= Robert Croft (diver) =

American freediver and US Navy diving instructor (1934–2026)

Bob Croft

Robert Arthur Croft (July 19, 1934 – January 9, 2026) was an American free-diver who, in 1967, became the first person to free-dive beyond the depth of 200 feet. Croft was a US Navy diving instructor in 1962 at the US Naval Submarine Base New London submarine school in Groton, Connecticut. At the submarine escape training tank, instructors train prospective submariners how to escape from a disabled submarine, which could be resting on the sea bottom.

==Freediving career==
Working five hours per day, five days a week at the 118-feet deep 250,000-gallon submarine escape training tank provided him an opportunity to salve his curiosity about holding his breath underwater. From an initial breath-hold time of 11/2 to 2 minutes, after a year he was able to hold his breath for over 6 minutes, dropping to the bottom of the tank and sitting there for over three minutes and then returning to the surface at a relaxed pace. With that high level of comfort, he wanted to see how far he could go beyond the 118-feet depth.

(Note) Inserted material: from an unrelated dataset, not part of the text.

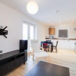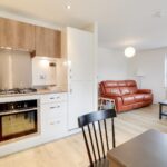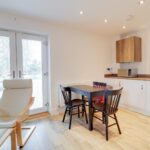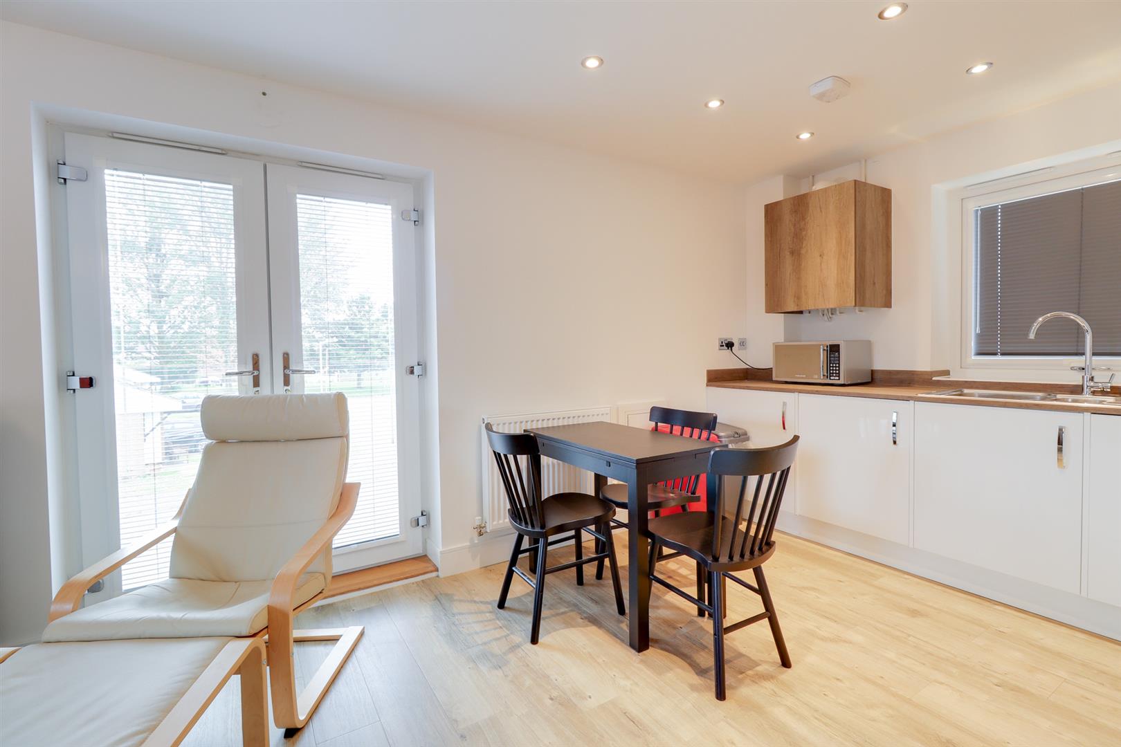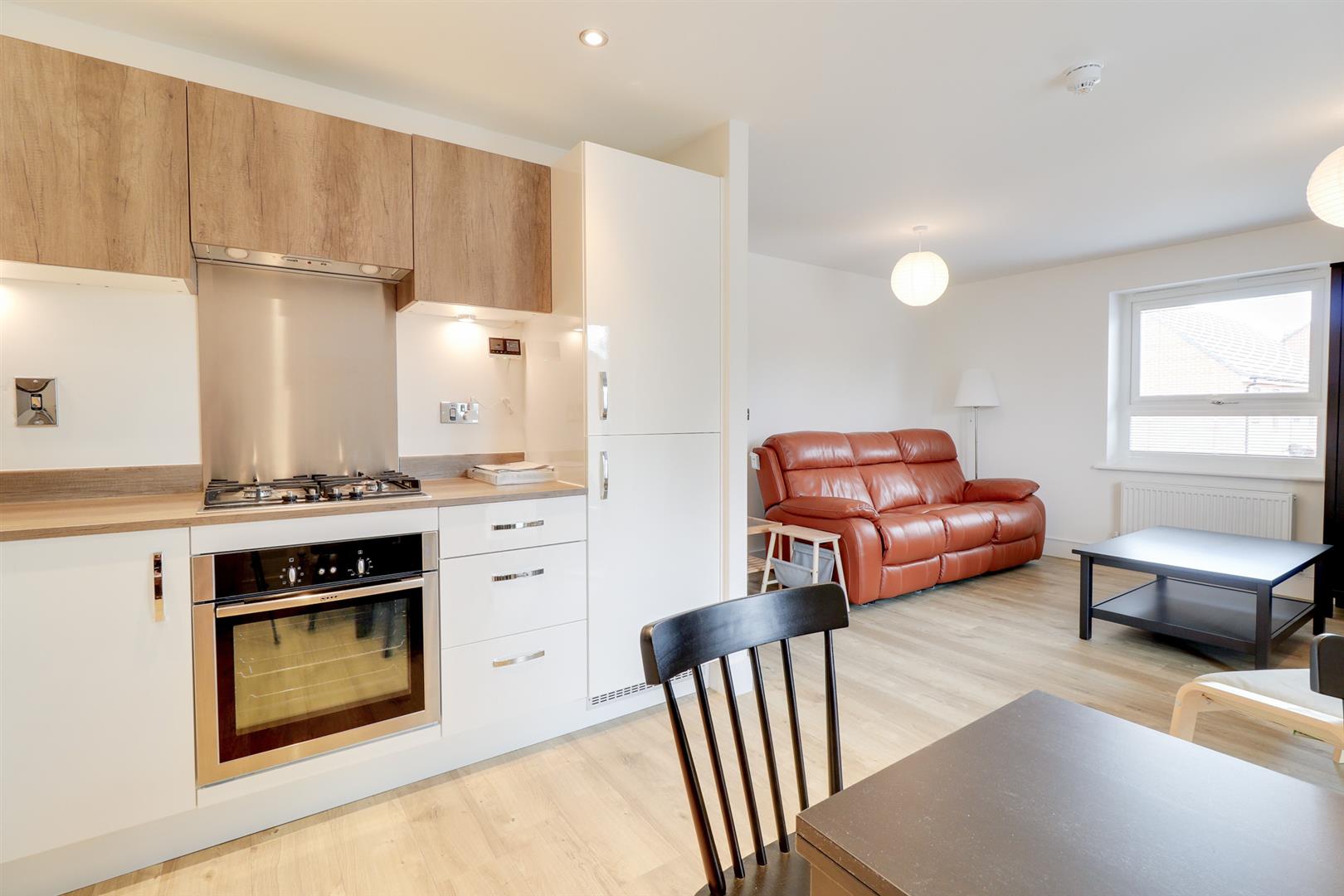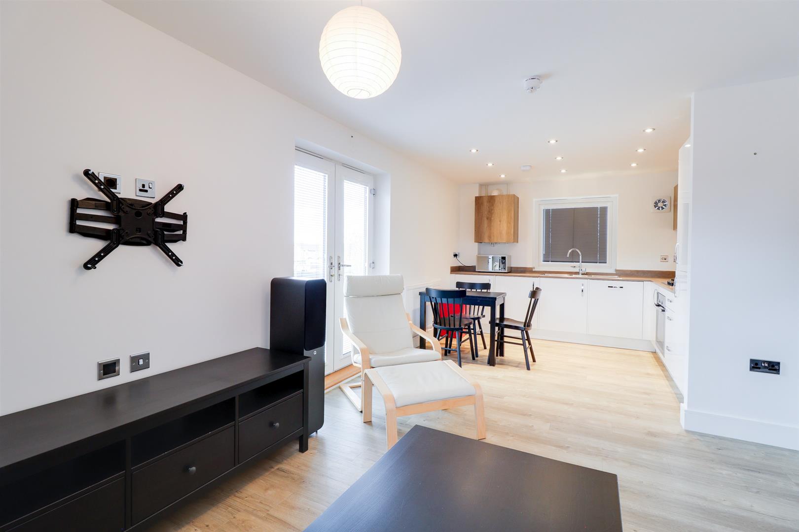 The accommodation is thoughtfully arranged, centred around a light filled open plan sitting, dining and kitchen space. This is a particularly inviting room, enhanced by a Juliet balcony which allows for an excellent degree of natural light and an attractive sense of openness.
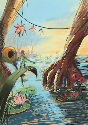 hé mais dis donc, c'est vachement sympa ça ! Le point de vu et le petit personnage fonctionne très bien je trouve. Je pense que je redresserai un peu l'arbre de droite, je trouve que ca fait trop de parallèle : tes deux arbres et la feuille du premier plan sont exactement dans le même alignement…

In 1967, at the encouragement of his fellow instructors, Croft set out to discover how deep he could dive while holding his breath. Over an 18-month period, in competition with Jacques Mayol and Enzo Majorca, he established three depth records:

- 212 feet (64 m) in 1967 – becoming the first person to ever dive beyond 200 feet while breath-holding, which at the time scientists believed was the physiological depth limit for breath-hold diving
- 217 feet (66 m) in 1968
- 240 feet (73 m) in 1968

He retired from free-diving thereafter.

Croft is credited with inventing "air packing" (also known as "lung packing" or "glossopharyngeal inhalation"), a method used to overfill the lungs, increasing the volume of air in the lungs above the total lung capacity prior to breath-holding. He had developed this method as a youngster living in Narraganset Bay, Rhode Island, to swim further and stay underwater longer than any of his peers.

He also served as a research subject for 6 years, from 1962 to 1968, for the Navy research scientists. One of the navy research teams, Dr Karl Schaefer (US Navy) and Dr Robert Allison of the Scott White clinic in Tempel Texas, had done research on diving mammals that demonstrated that air-breathing animals could go to half a mile and deeper without experiencing thoracic squeeze. The discovery of the "blood shift" phenomenon opened a host of theories regarding free diving humans. Croft served as that research subject to determine if that same "blood shift" occurred in humans and measure it. This led to the published study: Schaefer, Karl E., Allison, Robert D., Dougherty, James H., Jr., Carey, Charles R., Walker, Roger, Yost, Frank, & Parker, Donald (1968). Pulmonary and circulatory adjustments determining the limits of depths in breathhold diving. Science, 162(857), 1020-3 .

==Other ventures==
Croft also qualified as a navy deep sea diver on air in 1968, and mixed gas in 1972.

In the early 1970s, like many navy divers, he was also certified as a NAUI instructor.

==Personal life and death==
Croft was born in Manhattan, New York, on July 19, 1934. In 1980, he retired from the US Navy, after 22 years of service as a submariner starting in 1951. He died in Lebanon, Pennsylvania on January 9, 2026, at the age of 91.